PROBLEM => Starting with the line that has "Nguyễn Xuân Thắng" in the records below and ending with the line that has "温浴棟「東京豊洲 万葉倶楽部」", output those lines exactly and nothing more; omit the pictures.

GIVEN RECORDS =>
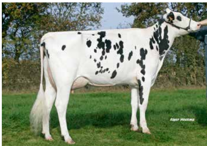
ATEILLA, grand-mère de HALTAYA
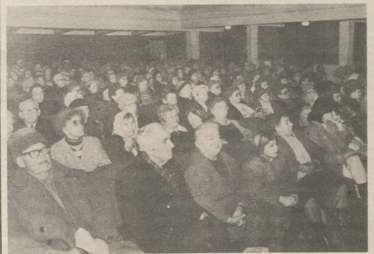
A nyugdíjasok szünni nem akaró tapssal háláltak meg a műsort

==

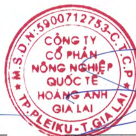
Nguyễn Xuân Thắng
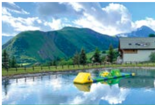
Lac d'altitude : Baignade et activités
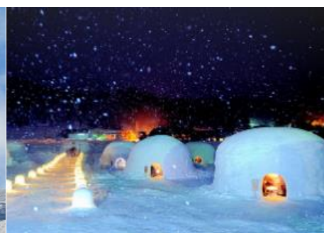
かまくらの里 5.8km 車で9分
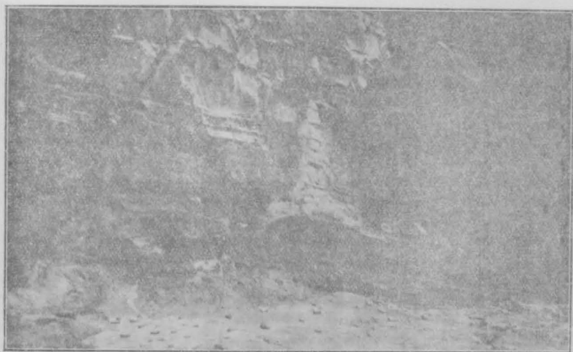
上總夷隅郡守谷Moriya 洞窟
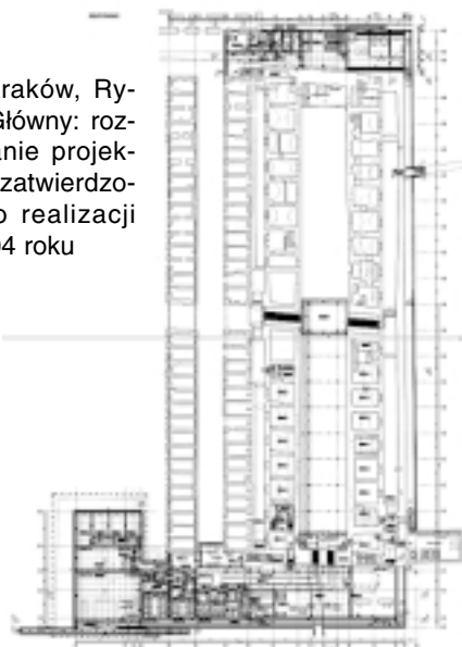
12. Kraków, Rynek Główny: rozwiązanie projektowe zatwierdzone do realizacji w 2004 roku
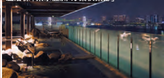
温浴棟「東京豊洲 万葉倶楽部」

RESPONSE FOR THIS EXERCISE =>
Nguyễn Xuân Thắng
Lac d'altitude : Baignade et activités
かまくらの里 5.8km 車で9分
上總夷隅郡守谷Moriya 洞窟
12. Kraków, Rynek Główny: rozwiązanie projektowe zatwierdzone do realizacji w 2004 roku
温浴棟「東京豊洲 万葉倶楽部」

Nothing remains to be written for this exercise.